Thanks for your response Soumya.
The client used was Ubuntu16.04.2 VM.
This is not seen consistently but we are hitting this randomly in some failure scenarios
for NFSv4.0 alone.
The scenarios were :
1. SetClientId_Confirm op fails with some gss error and when client retries
SetClientid_Confirm op it tries deleting the backchannel and hits this.
2. Second one was randomly on nfs_client_id_expire path.
One thing I wanted clarification was, if the fix for that panic was this or there was
more to the fix?
>
https://github.com/nfs-ganesha/ntirpc/pull/155/commits/ca74cde10ef02a322b...

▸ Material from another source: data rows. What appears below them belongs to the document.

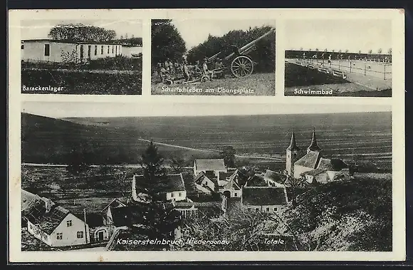 AK Kaisersteinbruch, Barackenlager, Scharfschiessen am Übungsplatz, Schwimmbad, Totalansicht
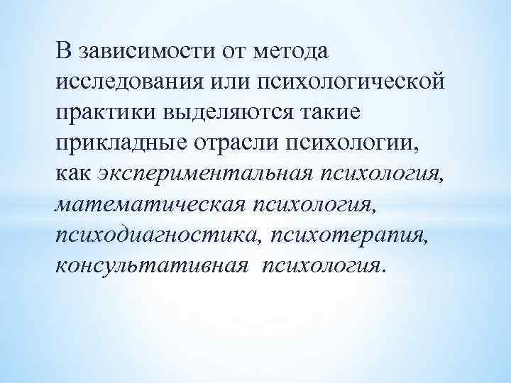 В зависимости от метода исследования или психологической практики выделяются такие прикладные отрасли психологии, как экспериментальная психология, математическая психология, психодиагностика, психотерапия, консультативная психология.
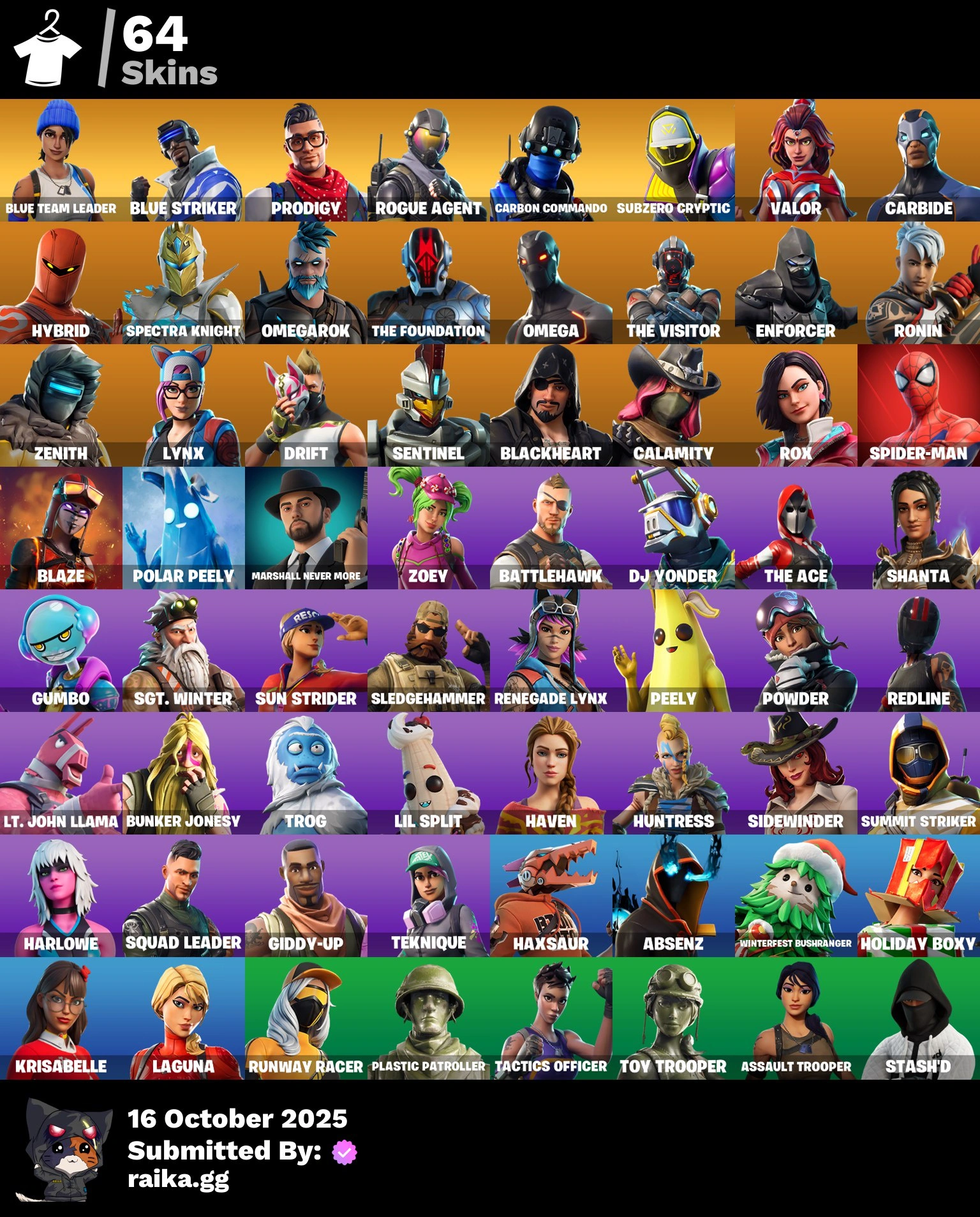 [PC/PSN/XBOX] 64 skins | Blue Team Leader | Blue Striker | Prodigy | Rogue Agent | Carbon Commando | Subzero Cryptic | Valor | Carbide | Hybrid | 300 VB

> svc_xprt_lookup - Add extra ref on create
>
> An xprt has a ref for the hash table (that's released by SVC_DESTROY());
> but when it's first created, only 1 ref was taken, so there wasn't a ref
> for the caller.
>
> Add an extra ref for the caller when the xprt is first created.
>
> Signed-off-by: Daniel Gryniewicz <dang(a)redhat.com>
>next (#155) v3.2
> …
>v1.8.0
> @dang
> dang committed on 19 Oct 2018
> commit ca74cde10ef02a322b8944a6c8639b1318fa34dc
Regards,
Deepthi
On 15/05/20, 1:41 PM, "Soumya Koduri" <skoduri(a)redhat.com> wrote:
Hi Deepthi,
On 5/15/20 8:16 AM, Deepthi Shivaramu wrote:
> Soumya,
> I see there was discussion in github about the exact same segfault and you were
debugging this issue :
>
https://nam04.safelinks.protection.outlook.com/?url=https%3A%2F%2Fgithub....
>
> There were multiple fixes discussed in there but ultimately I see this fix was
checked in :
>
https://nam04.safelinks.protection.outlook.com/?url=https%3A%2F%2Fgithub....
>
> But the strange part is I have that fix already in my source and still hitting
this same segfault.
> Also one correction from my previous mail, actually we are using libntirpc1.7.0
with ganesha2.7.2.
>
> @Soumya, do you know any other fix which was related to this problem?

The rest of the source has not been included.